Es ist sehr schwierig, die Details der Supernovaexplosionen zu simulieren, nicht nur aufgrund der Komplexität der physikalischen Prozesse sondern auch aufgrund der Dauer und der sehr unterschiedlichen Größenskalen, die schlussendlich in drei-dimensionalen Computermodellen aufgelöst werden müssen – von einigen hundert Metern nahe des Zentrums bis zu vielen Millionen Kilometern nahe der Sternoberfläche. Bisherige Simulationen in zwei Dimensionen (d.h. Axialsymmetrie wurde vorausgesetzt) zeigten zwar, dass die kugelförmige Schalenstruktur des Vorgängersterns bei der Supernovaexplosion zerstört wird und dass eine Vermischung auf großen Skalen stattfindet. Die reale Welt ist aber drei-dimensional und nicht alle beobachteten Aspekte konnten mit den 2D-Modellen reproduziert werden.
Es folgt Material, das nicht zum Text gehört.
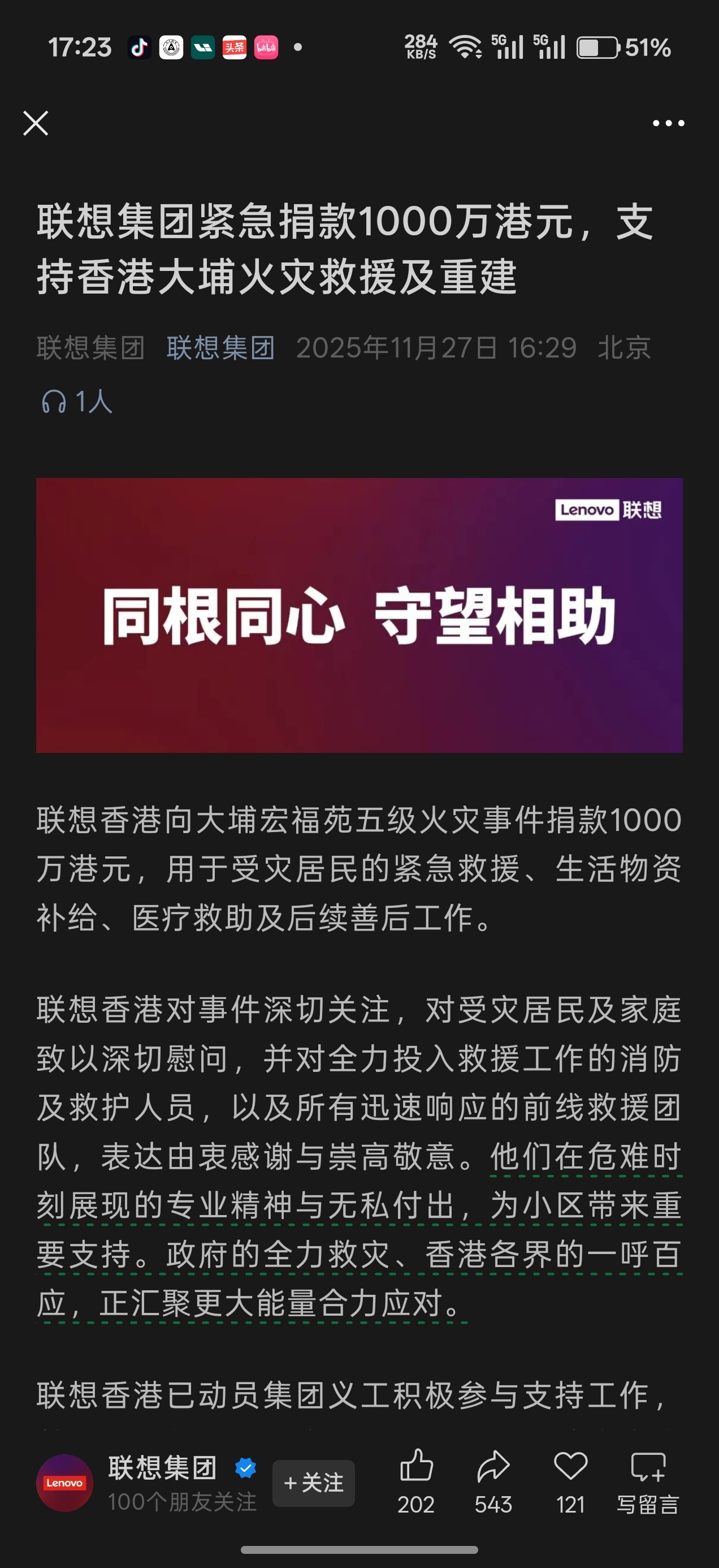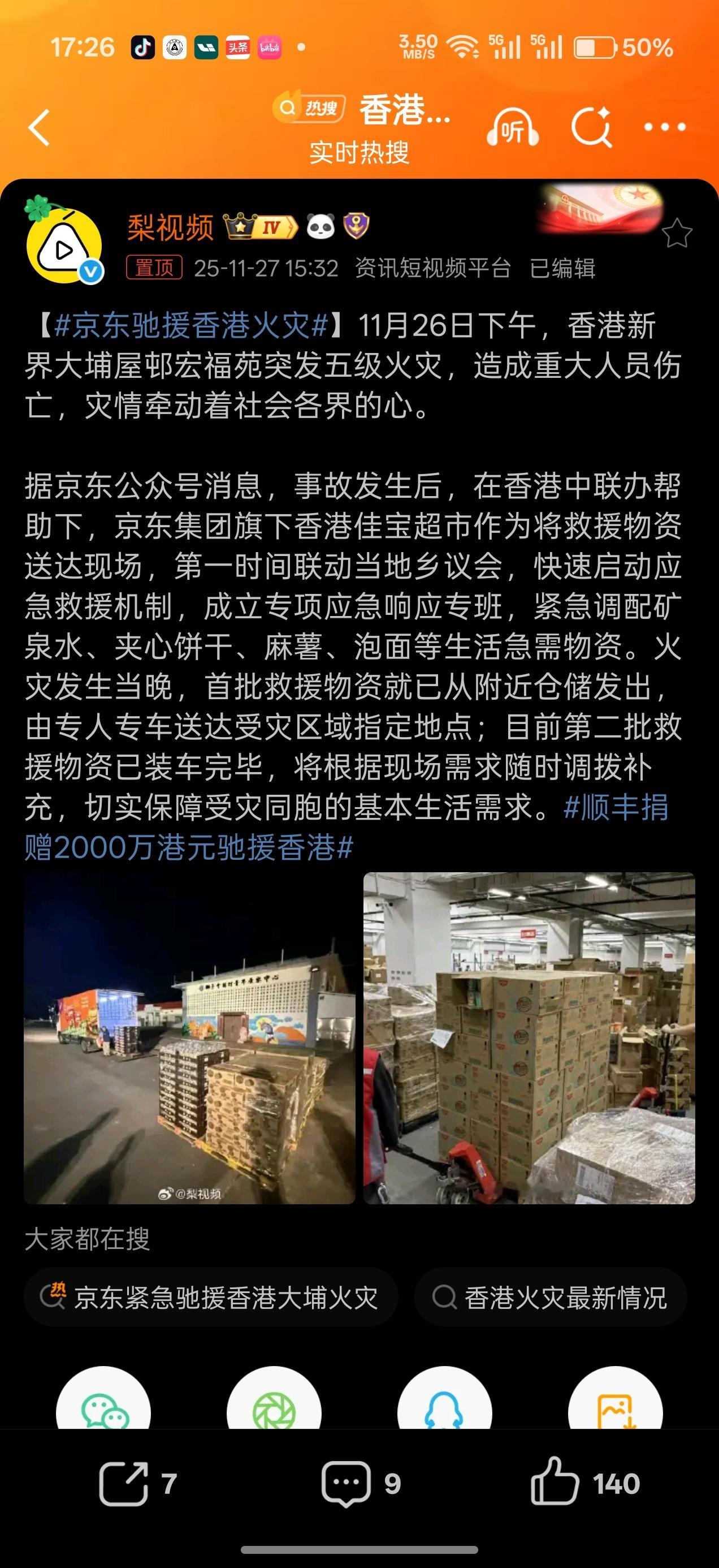香港起火大楼内发现生还者感谢这些企业的捐款,虽然你们捐款没能上热搜,但是我尽我的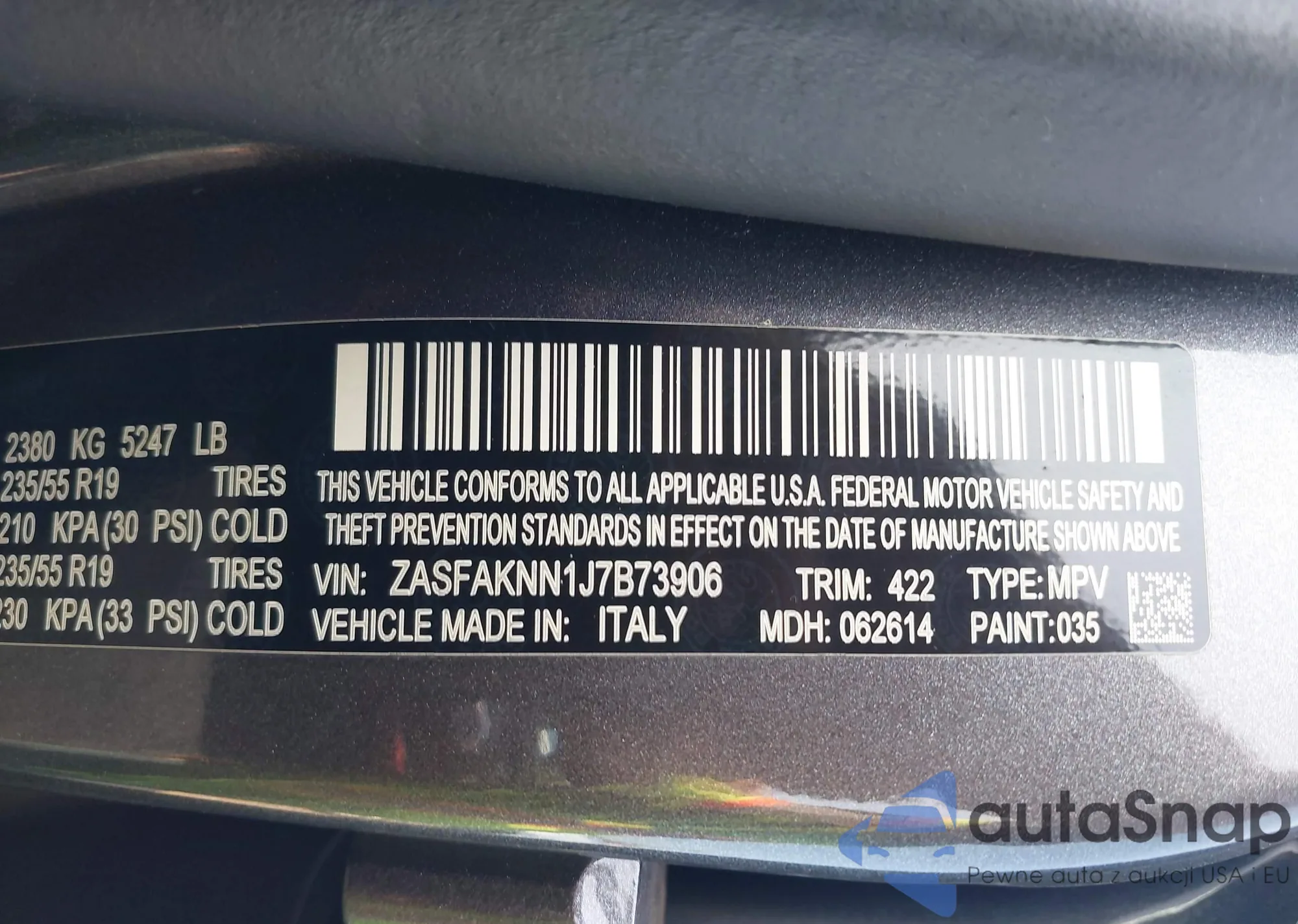 LOT: 42883159 VIN: ZASFAKNN1J7B73906

Die neuen Computermodelle des Teams am Max-Planck-Institut für Astrophysik simulieren nun zum ersten Mal den vollständigen Ausbruch in allen drei Dimensionen, von den ersten tausendstel Sekunden nach dem Auslösen der Explosion im Kern bis zu dem Zeitpunkt drei Stunden später, wenn die Stoßwelle aus dem Vorläuferstern hervorbricht. „Wir fanden in unseren 3D-Modellen erhebliche Abweichungen im Vergleich zu vorherigen 2D-Studien“, sagt Nicolay Hammer, Erstautor des Artikels, „insbesondere das Wachstum von Instabilitäten und die Ausbreitung der Klumpen ist anders. Diese Abweichungen sind keineswegs geringfügig; dieser Effekt legt die langfristige Entwicklung und letztlich das Ausmaß der Vermischung und das beobachtbare Aussehen der Kernkollaps-Supernova fest.“
In den 3D-Simulationen haben die metallreichen Klumpen deutlich höhere Geschwindigkeiten als bei 2D-Modellen. Diese „Geschosse“ breiten sich viel schneller aus und überholen Material aus den äußeren Schichten. „Mit einem einfachen analytischen Modell konnten wir zeigen, dass die unterschiedliche Geometrie der Geschosse, ringförmig gegenüber quasi kugelförmig, die in unseren Simulationen beobachteten Unterschiede erklären kann“, sagt Mitautor Thomas Janka. „Wir glauben zwar, dass die Unterschiede zwischen den 2D- und 3D-Modellen, die wir gefunden haben, allgemeingültig sind, viele Merkmale werden aber stark von der Struktur des Vorläufersterns, der Gesamtenergie und der anfänglichen Asymmetie der Explosion abhängen.“
„Wir hoffen, durch unsere Modelle im Vergleich mit Beobachtungen herauszufinden, wie die Sternexplosion beginnt und was sie auslöst“, fügt der dritte Autor, Ewald Müller, hinzu. In zukünftigen Simulationen werden die Wissenschaftler deshalb eine größere Bandbreite an Vorläufersternen und Anfangsbedingungen untersuchen. Insbesondere bleibt die Herausforderung bestehen, ein Modell zu finden, dass alle beobachteten Charakteristika von SN 1987A reproduziert.